From the records that follow, return exactly the lines beginning at the one that contains "Friskies Adult s" and ending at the one that contains "纹身图案寓意着在现实无奈的社", pictures left out.

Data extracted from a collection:
* * *
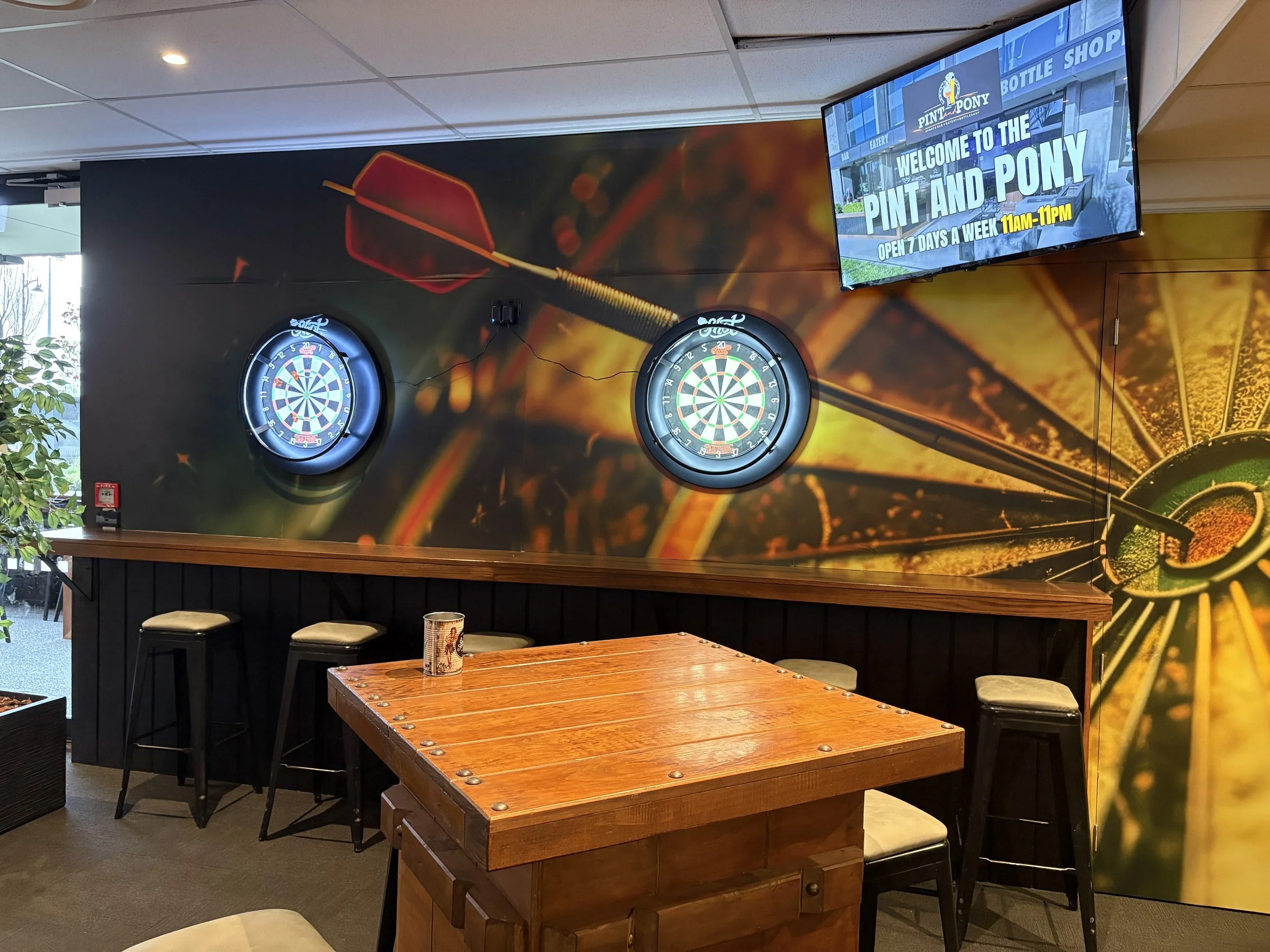 We’ve got wall-to-wall sports coverage, ice-cold pints, great wine selection and a menu full of pub favorites done right. Whether you’re here to watch the big match, throw a round of darts, or just unwind with friends, there’s always something happening at Pint and Pony.
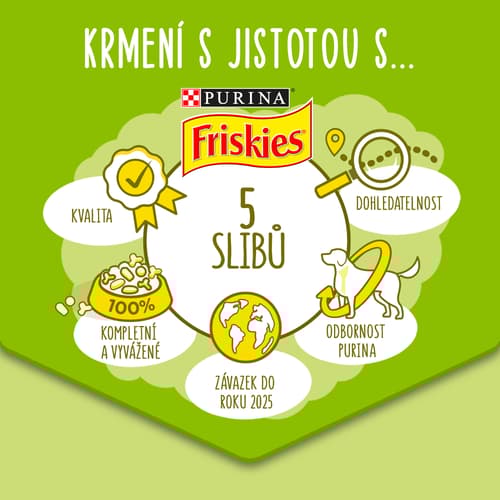 Friskies Adult s kuřetem a hráškem, s hovězím a mrkví, s jehněčím a zelenými fazolkami v želé. Chutná kompletní receptura, která poskytuje vašemu psovi důležité živiny.
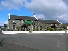 The railway level crossing has been here[7] since the Kilmarnock and Troon Railway opened in 1811,[11] but as stated, the name 'Gatehead' predates the railway. A stable was located hereabouts and the horses pulling the wagons were changed here.[12] Gatehead railway station closed in 1967, having opened with the rest of the line on 6 July 1812. The 1860 OS map shows a milepost indicating Kilmarnock at 23⁄4 miles and Troon at 71⁄4 miles.
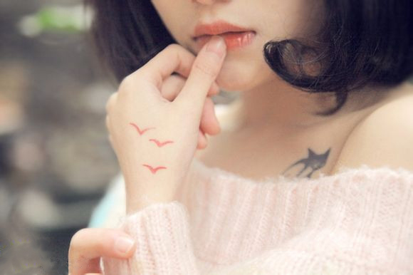 纹身图案寓意着在现实无奈的社会做最简单的自己。海鸥有着海上航行安全的“预报员”的誉称,指明前方的道路。海鸥
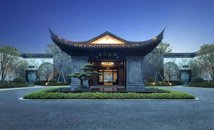 春风如意以一方粉墙黛瓦的中式院落,重新唤起江南人的乡愁。飞檐斗拱的传统格局,还有形如满月的中国古典建筑月洞门的建筑细节。再现传统建筑格局,以亭台水榭,雕梁画栋的中式建筑,致敬青石街巷的水韵江南。
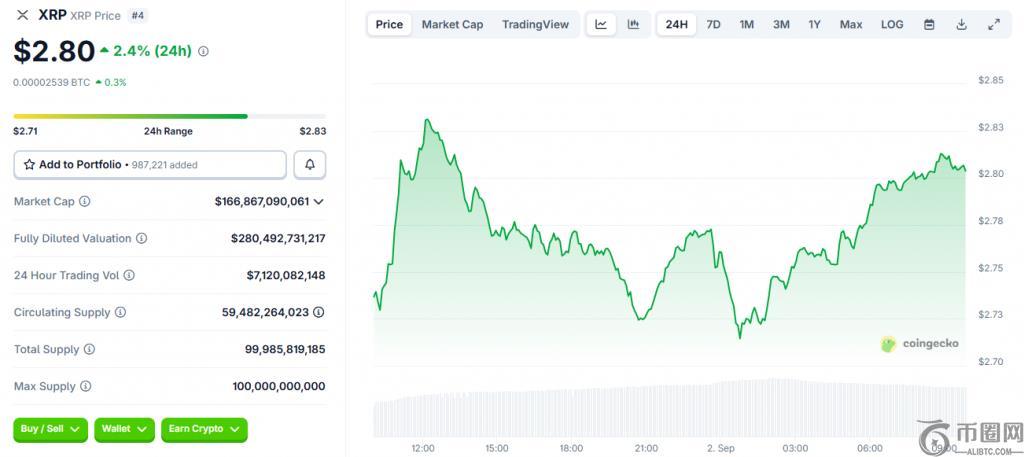 CoinGecko 透露,XRP 目前交易价格为 2.80 美元较近期历史高点下跌了 25%。尽管出现回调,XRP 在交易所的储备仍在持续增长,每日 1774 万美元的清算中,有 1480 万美元是多头仓位。
* * *
*Task answer:*
 Friskies Adult s kuřetem a hráškem, s hovězím a mrkví, s jehněčím a zelenými fazolkami v želé. Chutná kompletní receptura, která poskytuje vašemu psovi důležité živiny.
 The railway level crossing has been here[7] since the Kilmarnock and Troon Railway opened in 1811,[11] but as stated, the name 'Gatehead' predates the railway. A stable was located hereabouts and the horses pulling the wagons were changed here.[12] Gatehead railway station closed in 1967, having opened with the rest of the line on 6 July 1812. The 1860 OS map shows a milepost indicating Kilmarnock at 23⁄4 miles and Troon at 71⁄4 miles.
 纹身图案寓意着在现实无奈的社会做最简单的自己。海鸥有着海上航行安全的“预报员”的誉称,指明前方的道路。海鸥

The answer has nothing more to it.